- Listed records -

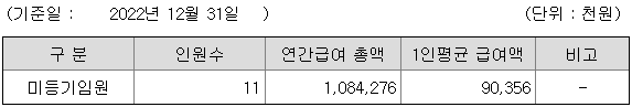 미등기임원의 평균연봉은 9000만원이고 직원수는 11명입니다.
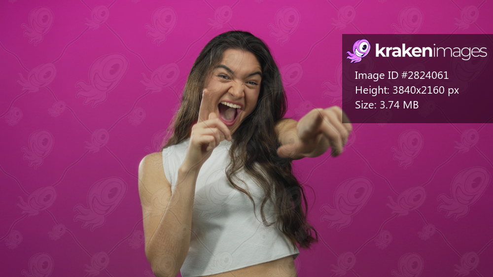 Hispanic teenage woman smiling and pointing finger to camera in bright pink studio; playful confidence.
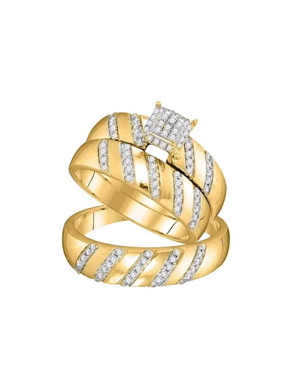 10kt Yellow Gold His Hers Round Diamond Cluster Matching Wedding Set 1/2 Cttw
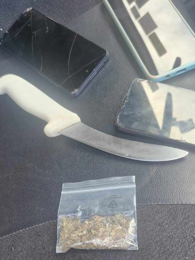 No local, a equipe abordou três suspeitos. Durante as buscas, foi localizada uma faca com um dos envolvidos e, com outro, um papelote de substância análoga à maconha, além de dinheiro em espécie.
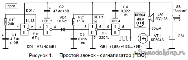 Простой звонок - сигнализатор (далее просто ПЗС) является малогабаритным устройством с автономным питанием. Схема ПЗС состоит из прерываемого генератора звуковой частоты, элемента питания, динамической головки и кнопки.
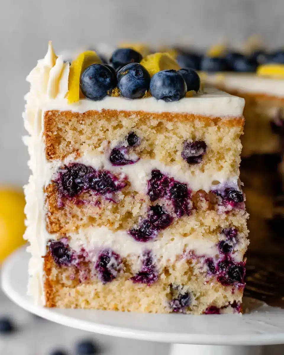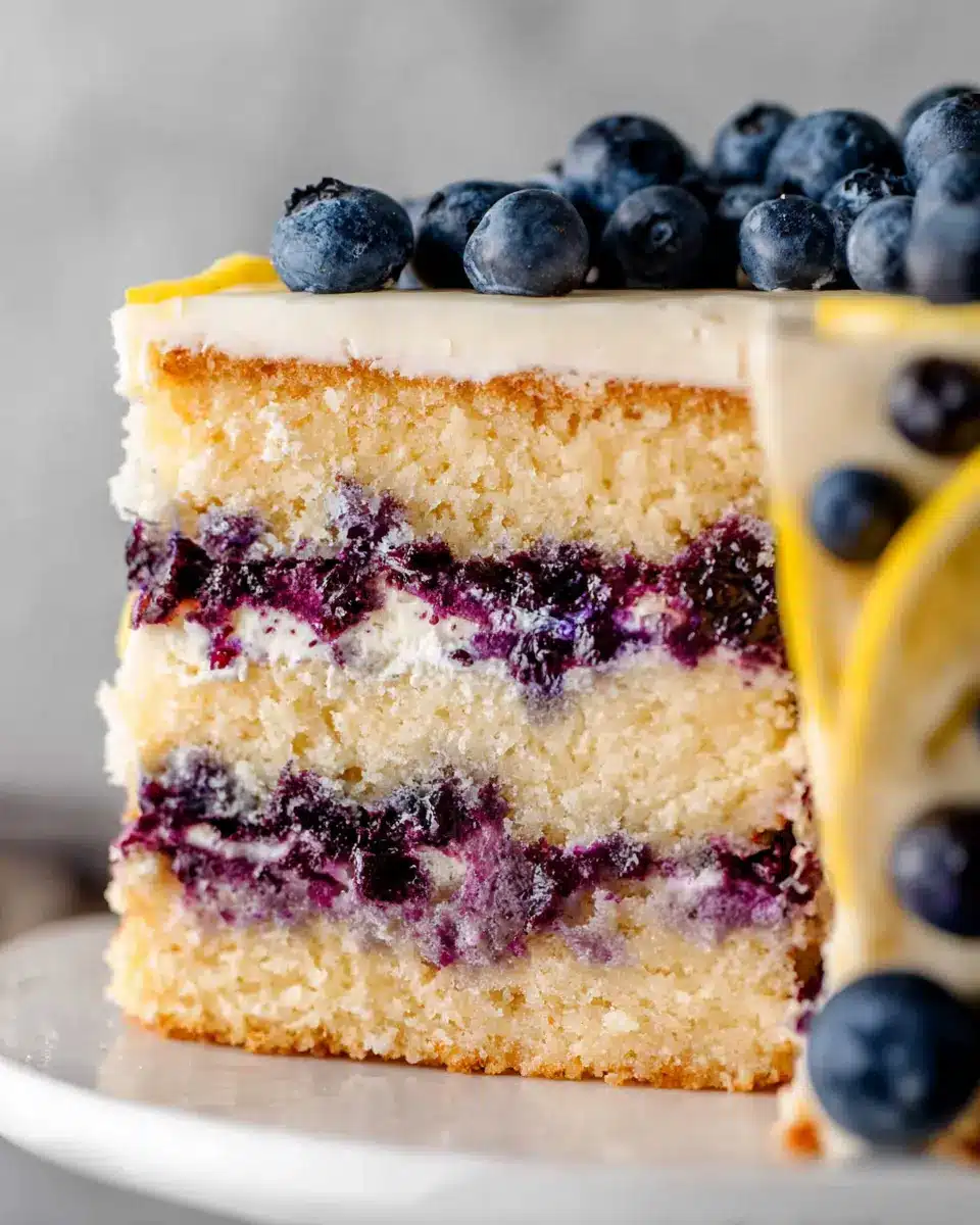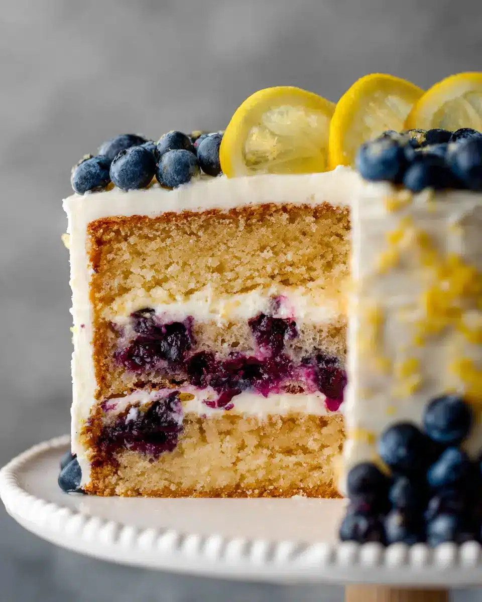 Decorate with fresh blueberries or lemon slices for that final touch. Let the cake chill for at least 45 minutes before slicing to ensure clean cuts.
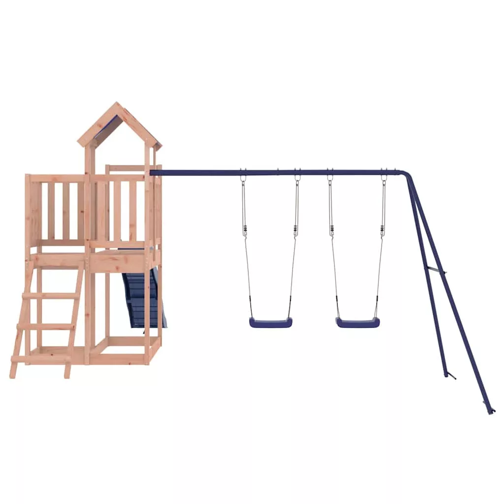 - Tartós anyag: A kerti játszószett váz tömör duglászfenyőből készült. A duglászfenyő az erősségéről és tartósságáról ismert. Gazdag vörösesbarna színe és egyedi erezetmintája meleg és természetes hangulatot áraszt. Jó stabilitásának és időjárás-állóságának köszönhetően ideális beltéri és kültéri bútorok készítéséhez.
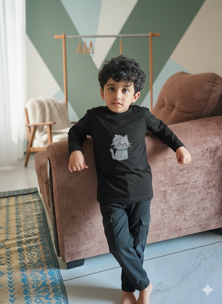 Cute, comfy, and full of playful charm — the Little Whiskers Kids Tee is designed especially for your little ones. Featuring an adorable cat motif, this tee brings a fun and cozy vibe to everyday wear. Made with soft, breathable fabric, it’s gentle on your child’s skin and perfect for all-day comfort.
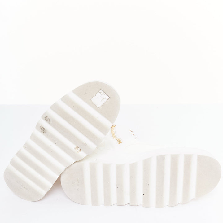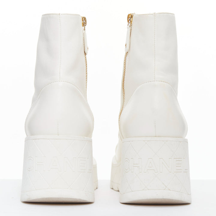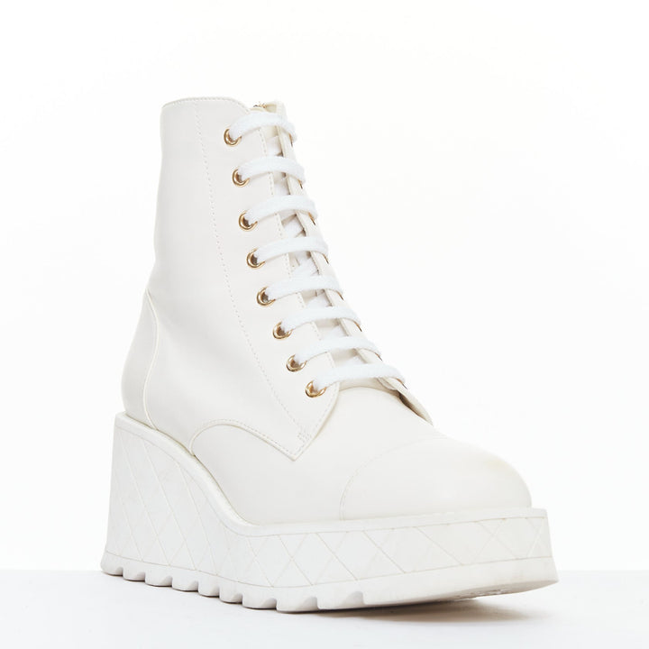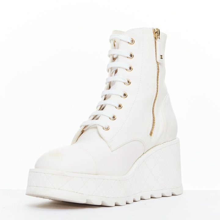 CHANEL 2024 white leather CC logo grid platform lace up wedge boots EU39
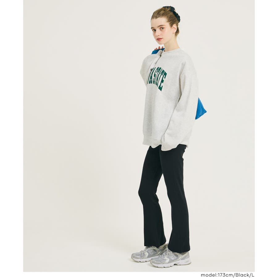 オーバーサイズのスウェットやニットと合わせるだけで、簡単に今っぽいスタイルに。
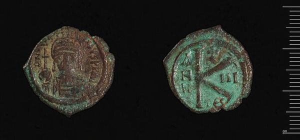 Editor: Here we have the Coin of Justinian I, made during his reign. It's a weighty coin, almost 21 grams, isn't it? It's interesting how something so small could represent so much power. What do you see when you look at this coin? Curator: This coin represents a critical intersection of power and image. Justinian I strategically used his likeness to project authority and divine right. How does this use of imagery compare to contemporary political branding? Editor: That's fascinating! It's like an ancient form of propaganda. I hadn't considered it in that light. Curator: Precisely. It serves as a potent reminder that even the smallest artifacts can reveal complex power dynamics and underscore the enduring impact of visual representation on societal structures. How does examining such objects challenge your preconceptions? Editor: This really highlights how art can be a tool, and how important it is to look beyond just the aesthetic qualities. Thank you. Curator: Indeed. Let's continue to critically examine these intersections of art, power, and identity.
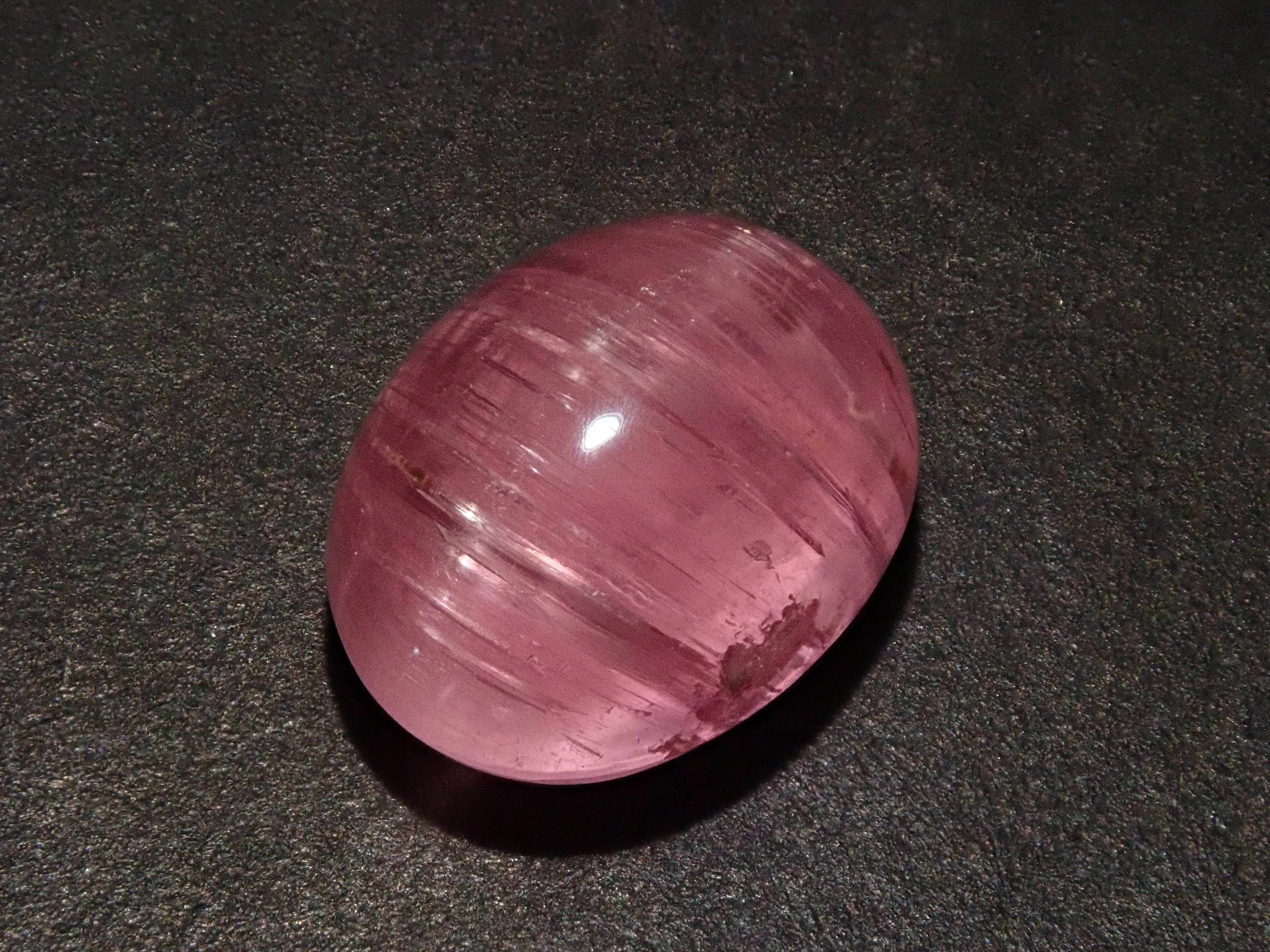 碧璽被稱為色彩寶庫。它有無數豐富的顏色,包括粉紅色、紅色、藍色、綠色、靛藍、橙色、紫色、黑色和棕色。這是可以看到貓眼效果的類型。筆燈用於攝影。石頭的背面基本上是未拋光的。
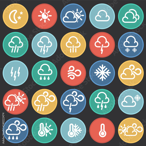 Weather forecast icons set on color circles black background for graphic and web design, Modern simple vector sign. Internet concept. Trendy symbol for website design web button or mobile app
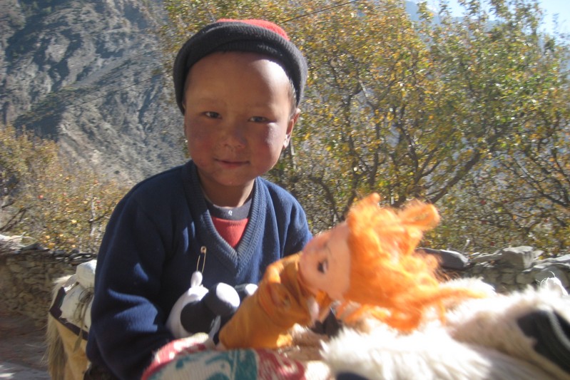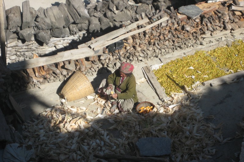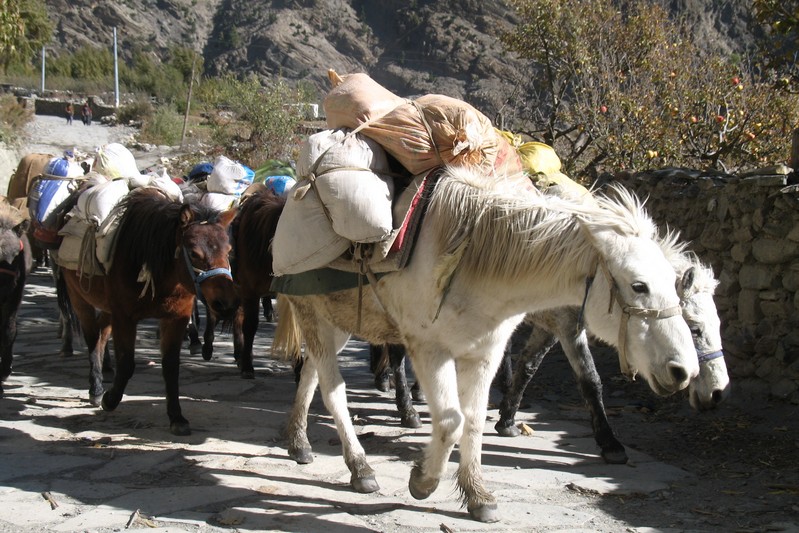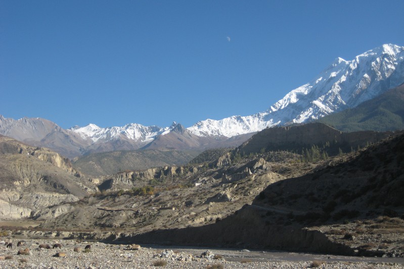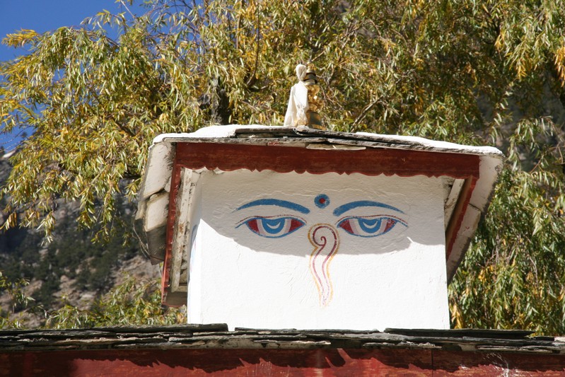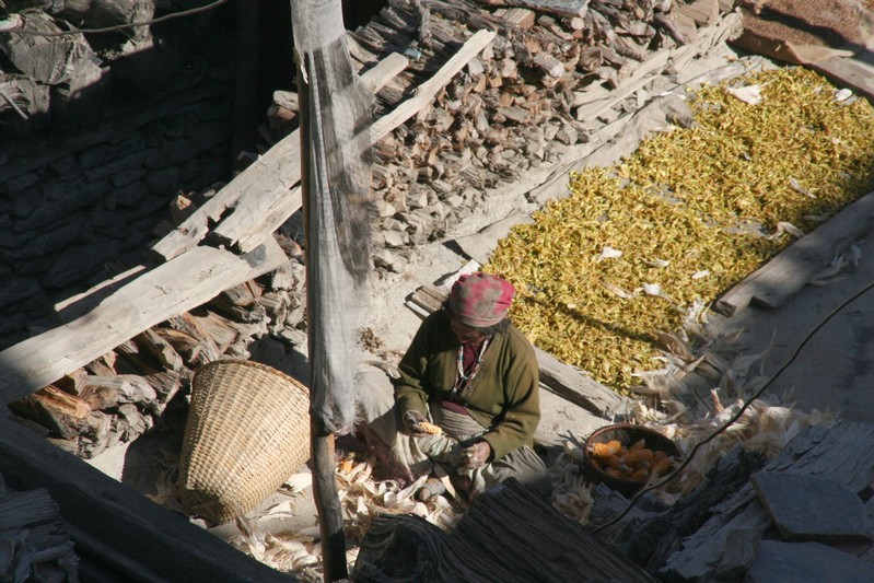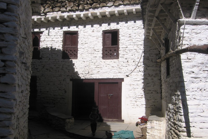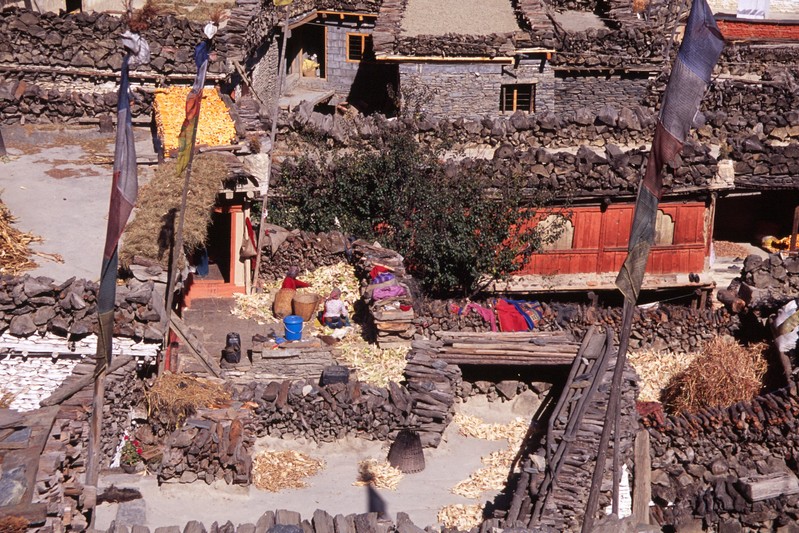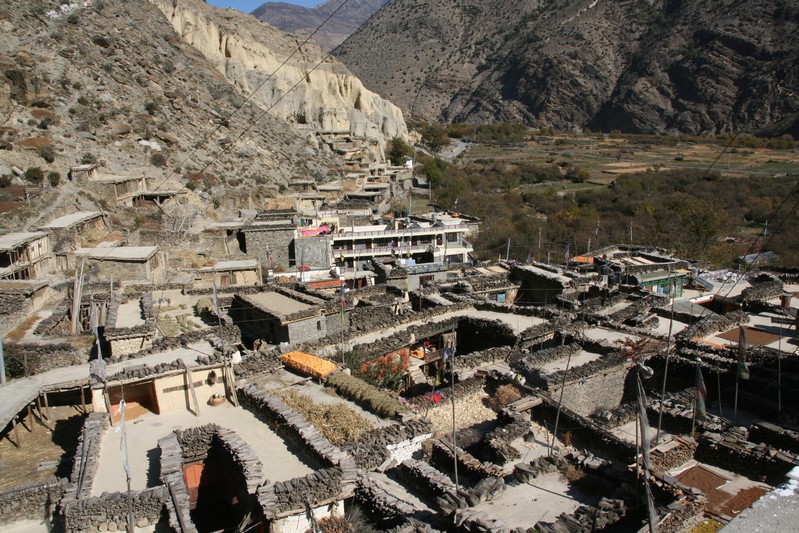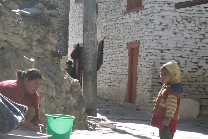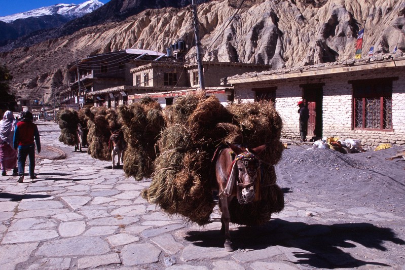 Promenade relax (1h15 de marche) jusqu'à Marpha. C'est un petit village vitrine joliment décoré avec de nombreuses petites boutiques... Quelques achats souvenir (colliers, bol tibétain...).

- Requirement -
Every entry must be retyped exactly, with the pictures removed.

- Solution to the problem -
 미등기임원의 평균연봉은 9000만원이고 직원수는 11명입니다.
 Hispanic teenage woman smiling and pointing finger to camera in bright pink studio; playful confidence.
 10kt Yellow Gold His Hers Round Diamond Cluster Matching Wedding Set 1/2 Cttw
 No local, a equipe abordou três suspeitos. Durante as buscas, foi localizada uma faca com um dos envolvidos e, com outro, um papelote de substância análoga à maconha, além de dinheiro em espécie.
 Простой звонок - сигнализатор (далее просто ПЗС) является малогабаритным устройством с автономным питанием. Схема ПЗС состоит из прерываемого генератора звуковой частоты, элемента питания, динамической головки и кнопки.
 Decorate with fresh blueberries or lemon slices for that final touch. Let the cake chill for at least 45 minutes before slicing to ensure clean cuts.
 - Tartós anyag: A kerti játszószett váz tömör duglászfenyőből készült. A duglászfenyő az erősségéről és tartósságáról ismert. Gazdag vörösesbarna színe és egyedi erezetmintája meleg és természetes hangulatot áraszt. Jó stabilitásának és időjárás-állóságának köszönhetően ideális beltéri és kültéri bútorok készítéséhez.
 Cute, comfy, and full of playful charm — the Little Whiskers Kids Tee is designed especially for your little ones. Featuring an adorable cat motif, this tee brings a fun and cozy vibe to everyday wear. Made with soft, breathable fabric, it’s gentle on your child’s skin and perfect for all-day comfort.
 CHANEL 2024 white leather CC logo grid platform lace up wedge boots EU39
 オーバーサイズのスウェットやニットと合わせるだけで、簡単に今っぽいスタイルに。
 Editor: Here we have the Coin of Justinian I, made during his reign. It's a weighty coin, almost 21 grams, isn't it? It's interesting how something so small could represent so much power. What do you see when you look at this coin? Curator: This coin represents a critical intersection of power and image. Justinian I strategically used his likeness to project authority and divine right. How does this use of imagery compare to contemporary political branding? Editor: That's fascinating! It's like an ancient form of propaganda. I hadn't considered it in that light. Curator: Precisely. It serves as a potent reminder that even the smallest artifacts can reveal complex power dynamics and underscore the enduring impact of visual representation on societal structures. How does examining such objects challenge your preconceptions? Editor: This really highlights how art can be a tool, and how important it is to look beyond just the aesthetic qualities. Thank you. Curator: Indeed. Let's continue to critically examine these intersections of art, power, and identity.
 碧璽被稱為色彩寶庫。它有無數豐富的顏色,包括粉紅色、紅色、藍色、綠色、靛藍、橙色、紫色、黑色和棕色。這是可以看到貓眼效果的類型。筆燈用於攝影。石頭的背面基本上是未拋光的。
 Weather forecast icons set on color circles black background for graphic and web design, Modern simple vector sign. Internet concept. Trendy symbol for website design web button or mobile app
 Promenade relax (1h15 de marche) jusqu'à Marpha. C'est un petit village vitrine joliment décoré avec de nombreuses petites boutiques... Quelques achats souvenir (colliers, bol tibétain...).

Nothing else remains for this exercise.